Mary took the milk from Hannah and set it on the countertop, then wiped her hands on her white tank top. And as Mary looked at Stefan, she knew that she would love him through the long stretch of her life. “Morning, Stef,” she said. The blanket was in a pile on the floor now, and Mary stood in her underwear. “How’d you sleep?”
She heard Tim clear his throat. Stefan glanced at him but kept his face turned toward Mary, letting his eyes run briefly down the body that stood so bare in front of another man. “Who’s this?” he asked, nodding more explicitly this time to Tim.

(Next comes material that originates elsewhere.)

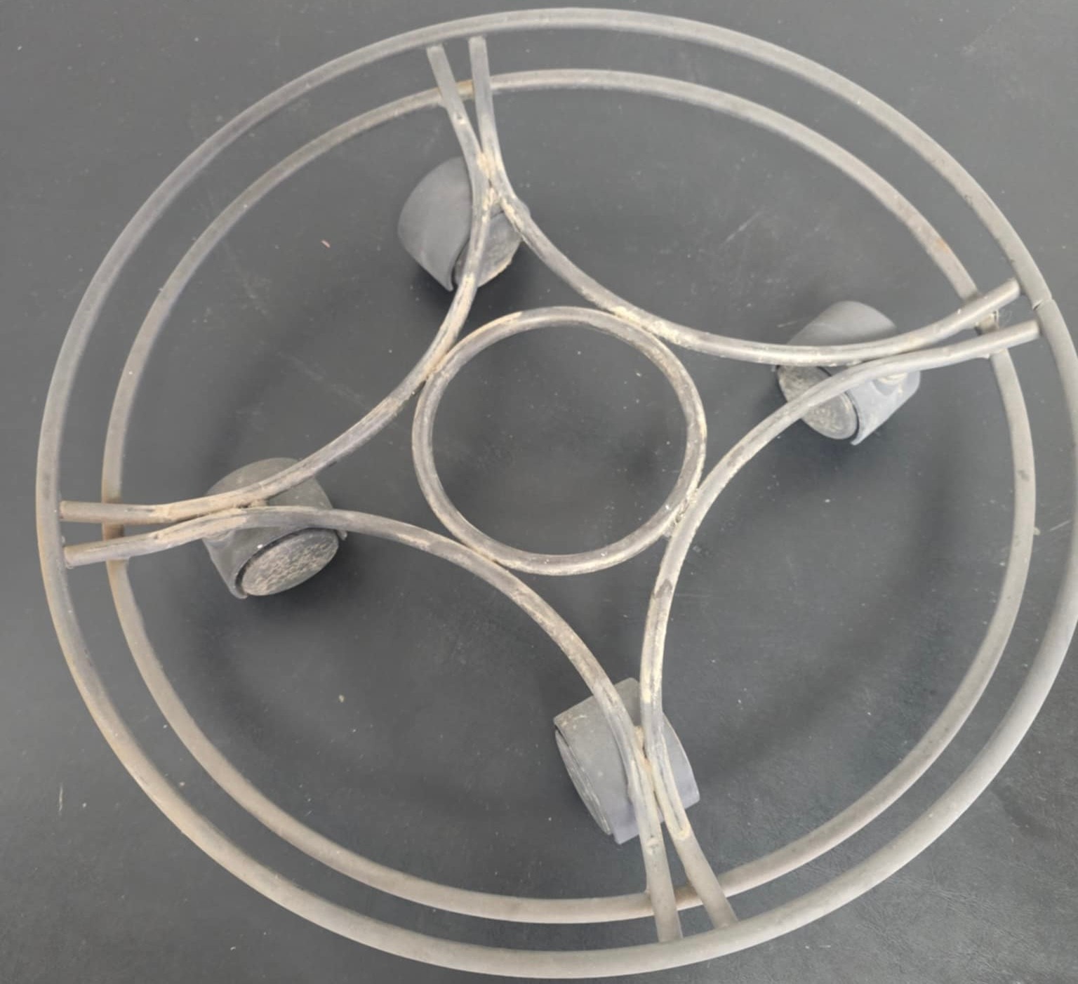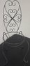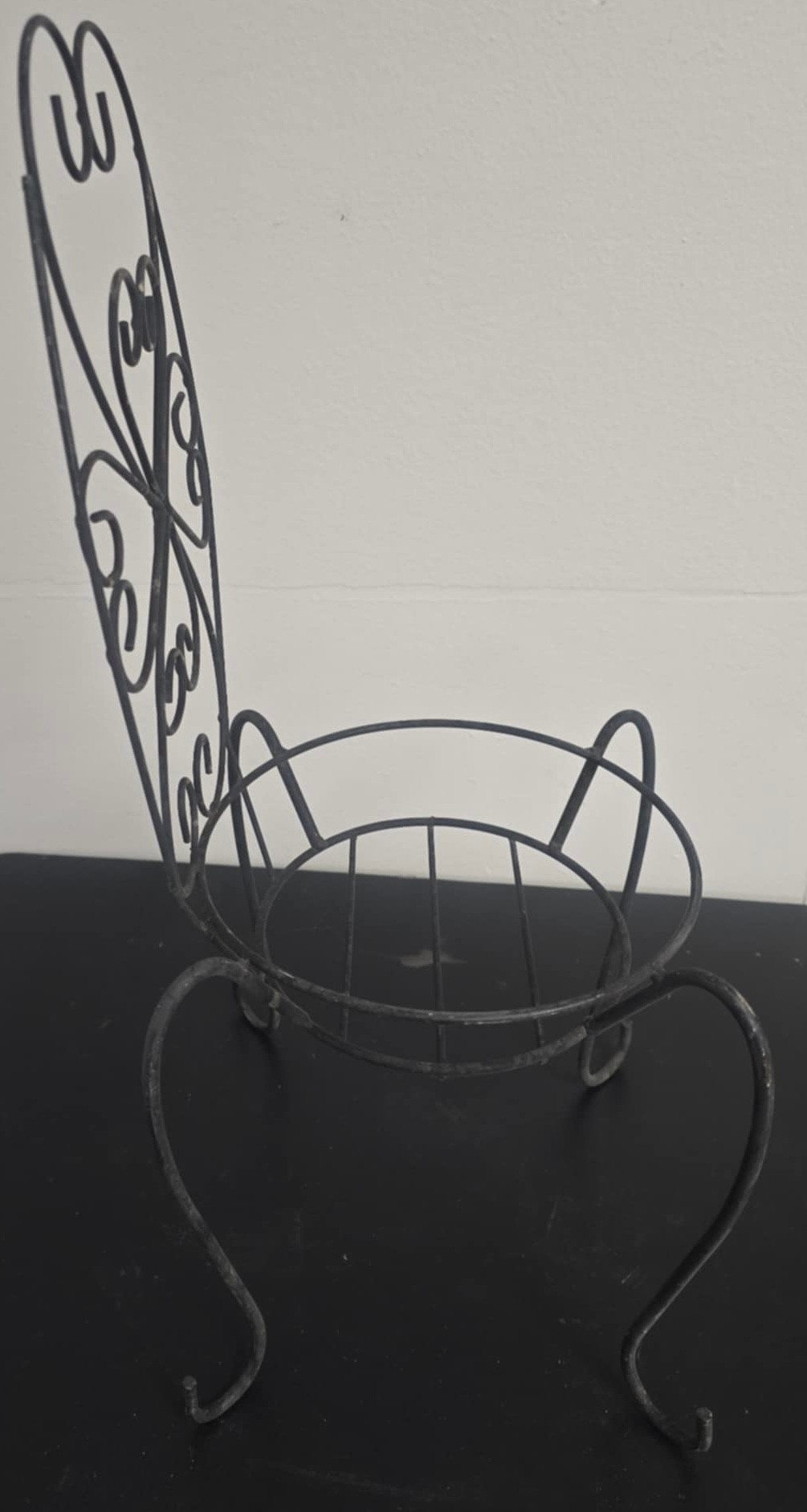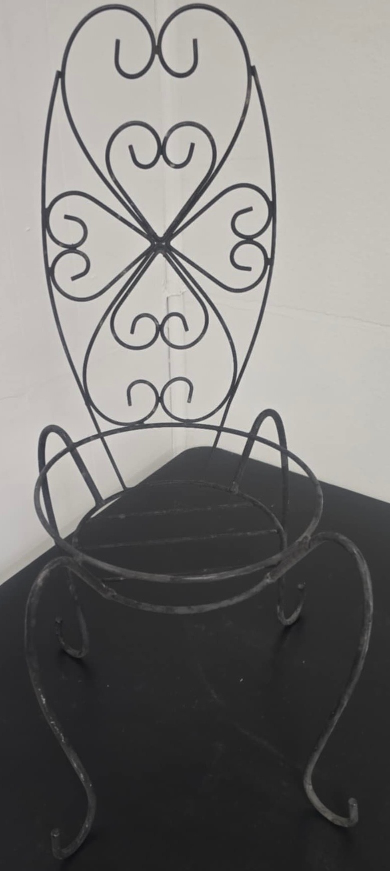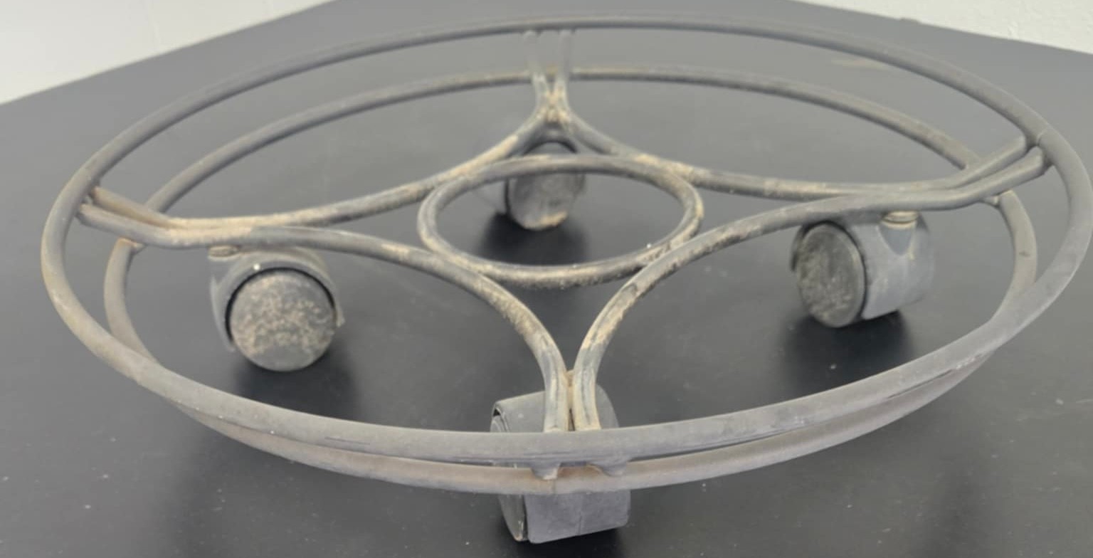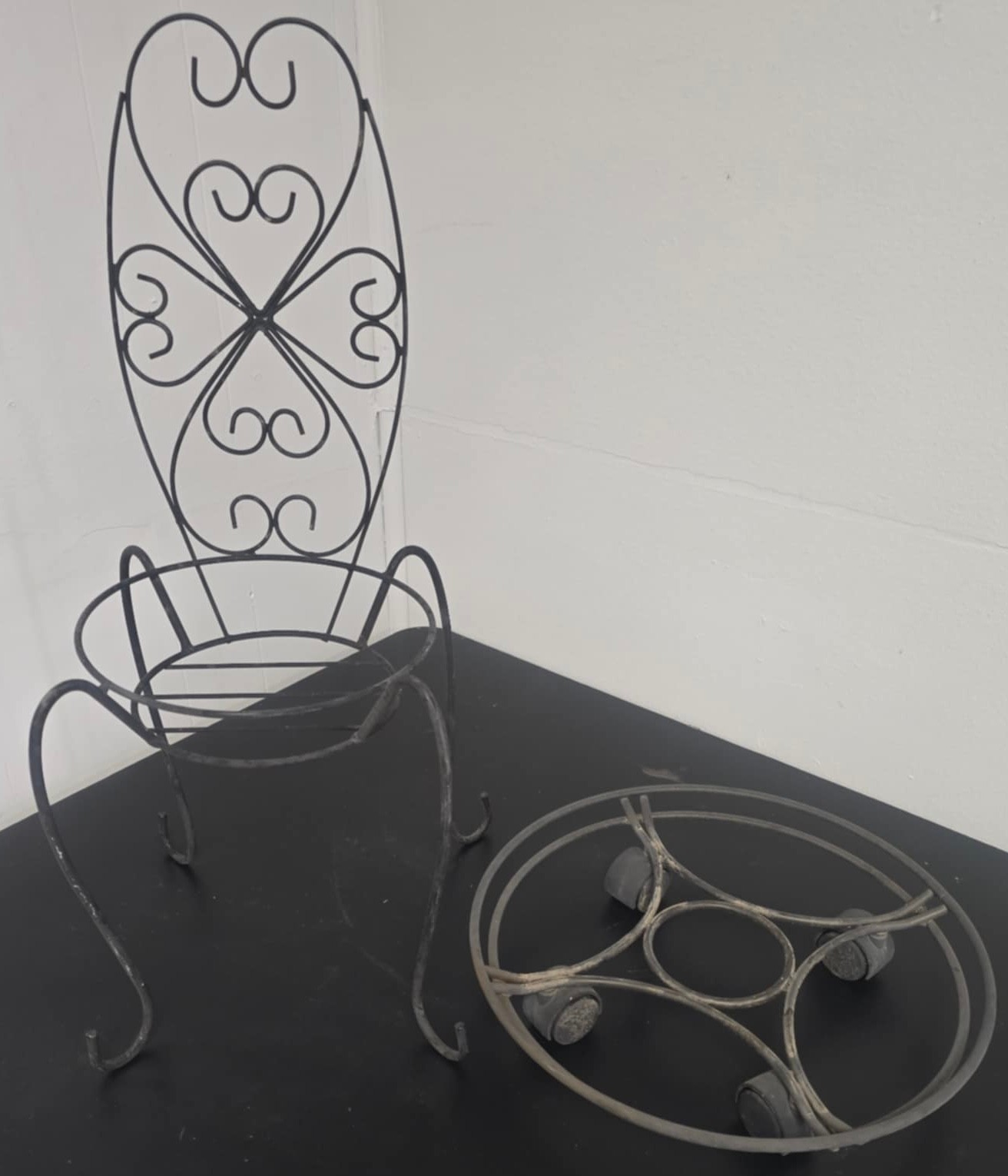 Pair of Metal Plant Holders. The round is 14d x 3 on wheels. and the chair is 9 x 9 x 23.5h. Holds a pot 9d.

Tim raised his hand and waved, a mocking, hard-jawed smile on his face. “I’m Tim,” he said.
“He’s a cousin of ours,” said Mary. “He surprised us.”
Stefan jerked his thumb to the hallway. “Mare, can I talk to you for a sec?”
And Mary followed Stefan out of the kitchen. They walked in silence until they were in the living room, then Stefan turned around. “Who the fuck is that, Mary?”
Mary crossed her arms over her chest. “I told you,” she laughed. “He’s a cousin.”
“Mare,” said Stefan, looking into her eyes as if unable to get the right view. “He looks like shit. He’s sitting there at the table grinding his teeth. He’s clearly on something and he’s in there with Hannah. And you’re standing there in your underwear.” Stefan extended his hand, as if waiting for Mary to place a retort in it.
As Mary felt her eyes begin to burn, to well up, to reveal everything she didn’t want them to, she dug her toes into the carpet. Then she turned her huge glimmering yellow brown eyes up to Stefan, and said, “I know. He’s got some problems. I just wanted to help.”
Stefan took a single step forward and pulled Mary into his chest. He cupped the back of her head with his hand. “Come here,” he said. “You have such a good heart, Mare.” And Mary felt something that was very close to remorse.
When they went back into the kitchen, Mary was wearing Stefan’s T-shirt, which he had pulled off and helped her into, gently guiding each of her arms through the sleeves. Hannah watched the two of them enter the room as if they were feuding parents who had excused themselves as to not disagree in front of the children.
“Tim,” said Mary, with as much politic as she could muster, “I’d like you to meet Stefan.” Mary smiled from Tim to Stefan. “Stefan, this is Tim.”
Stefan promptly strode across the room with a firm outstretched hand.
Tim stuffed each of his hands under his armpits and gave Stefan a nod of acknowledgment. “Charmed,” he said, with no small amount of disdain.
“So you’re Mary and Hannah’s cousin?” asked Stefan, making the sort of small talk that Martina would make.
“Of sorts,” answered Tim.
“On which side?” asked Stefan. “Their mother’s or their father’s?” Confusion passed over Tim’s face before it slid into delight. There was only one side of the family, of course. He swiveled his head toward Mary, and said, with his brows raised, “What an interesting question.”
Mary’s gaze was unwavering. “My mother’s,” she said, before she turned, picked up a whisk, and, with quick rotations, began beating the eggs into yellow.
“Are you making real eggs?” Tim asked, angling his head to better see Mary’s preparations. “Gail only uses fake eggs now. The real ones are supposed to be bad for you.”
After they all ate their scrambled eggs and toast in a stiff silence broken only by the clank of fork to plate, Tim leaned back in his chair, resting his head against his laced hands. “So, Stefan,” he said. “I’m dying to meet your parents.” Then he smiled. “I’ve heard so much about them.”